In 1965, Med Arnold penned an interesting Letter to the Editor of the Lassen Advocate. Arnold (1885-1967) is known for many things, whether a magistrate at Herlong, to high school coach, and also being a grandson of Isaac Roop, the founder of Susanville. The letter’s caption “What Lassen County Needs.” With the steady decline of the lumber industry, it was important in his opinion to focus on the future. While he acknowledged the opening of the prison, the California Correctional Center, that was beneficial, it was not the future.
Arnold wrote: “It is my opinion that the most important project is the water situation, especially now with a decline in the lumber industry, which is sure to become worse in the not to distant future. If that is the fact, and I believe that it is, then we must look to helping of our farmers. The raising of crops and livestock are sure in time to become the leading industries of the county. So with that in mind we should endeavor to secure for them and adequate water supply, not for their present farms and ranches now under cultivation, but for the hundreds of idle acres now in brush.”
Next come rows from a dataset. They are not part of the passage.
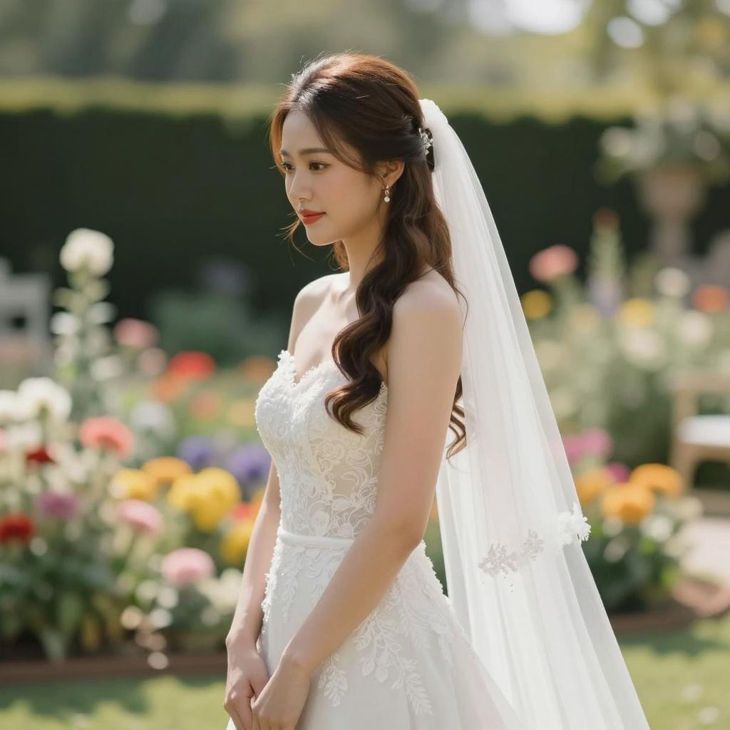 White wedding guest dress, photograph of an Asian bride, long brown hair in a loose updo, white lace strapless wedding dress, long white veil, soft makeup, red lipstick, standing in a garden, colorful flowers in background, sunlight, bokeh effect, side profile, soft focus, summer day, realistic style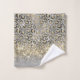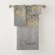 On this stylish towel set is a silver metallic sheen on the bottom of the large towel where you can personalise it then a glittery gold pattern that blends into a glittery leopard print with a silver backdrop for extra pop. Can be personalised on the bottom large towel. Glam chic vibes.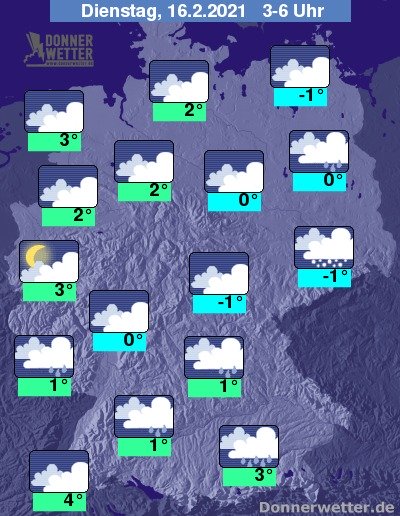 In der kommenden Nacht ist es weitgehend bedeckt, häufig ist es neblig-trüb, dazu fällt im Süden und Osten gebietsweise, sonst nur vereinzelt Regen. Im Osten und Südosten ist anfangs auch noch Schnee, Schneeregen und gefrierender Regen möglich, dabei besteht erhöhte Glättegefahr! Die Temperatur sinkt auf 4 Grad in Freiburg und bis -1 Grad in Neubrandenburg.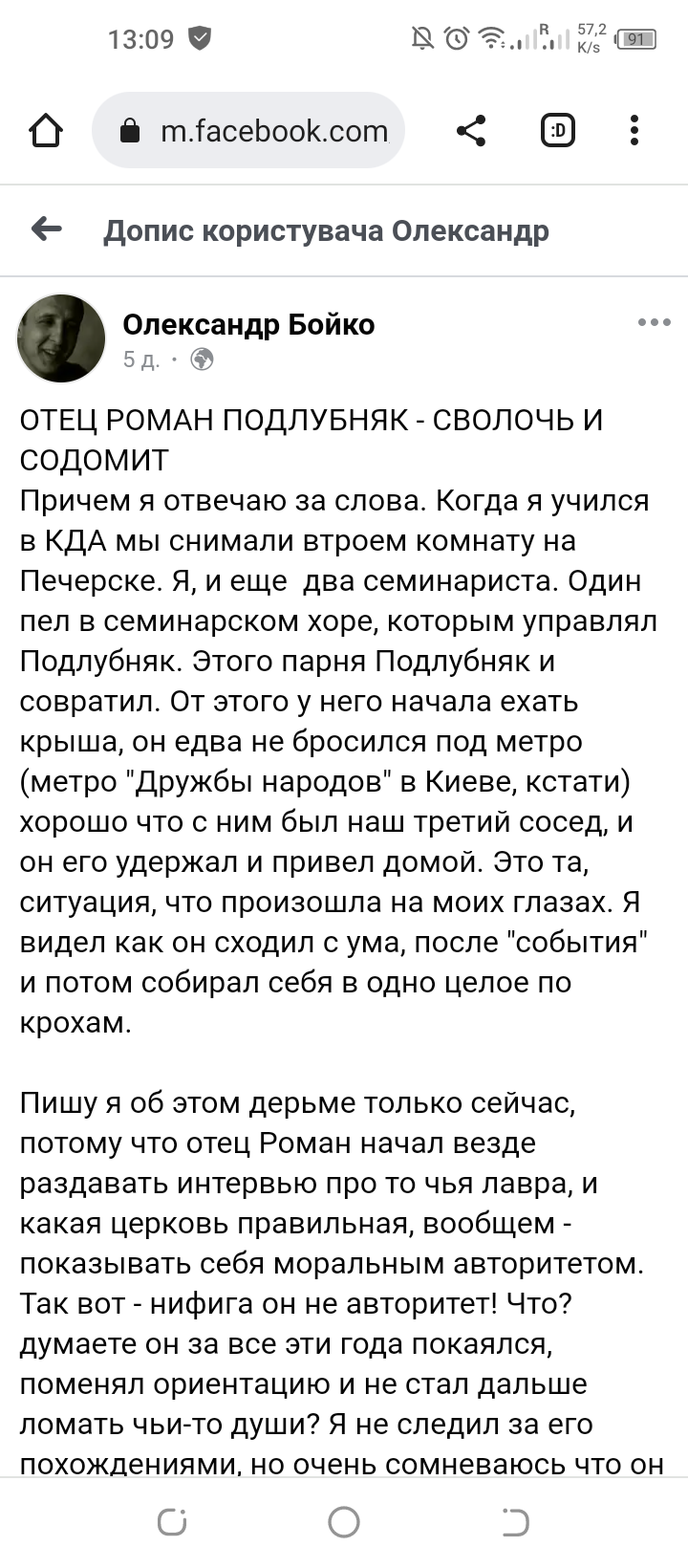 "Я уверен, что об этом и в лавре и в митрополии УПЦ все все прекрасно знали, но, как обычно - ничего не делали. Развели гадюшник, сволочи. Вот на таких как Подлубняк вы свой авторитет и растратили. Это ж ничего, вот если бы он в ПЦУ перешел, тогда да, это смертный грех, а так подумаешь, чьих то детей загубил, бывает... ",- написал журналист.

Arnold pressed the need to construct dams on Susan River, Willow Creek and Long Valley Creek. Not only did he stress these newly created reservoirs would furnish badly needed water, but would provide for additional recreation for fishing and such, “adding to our future economy.”
In 1968, Lassen County’s first general plan was released. That document, too, stressed the importance of the dams that Arnold referred to. They never happened and now the California
Correctional Center is on the brink of closure.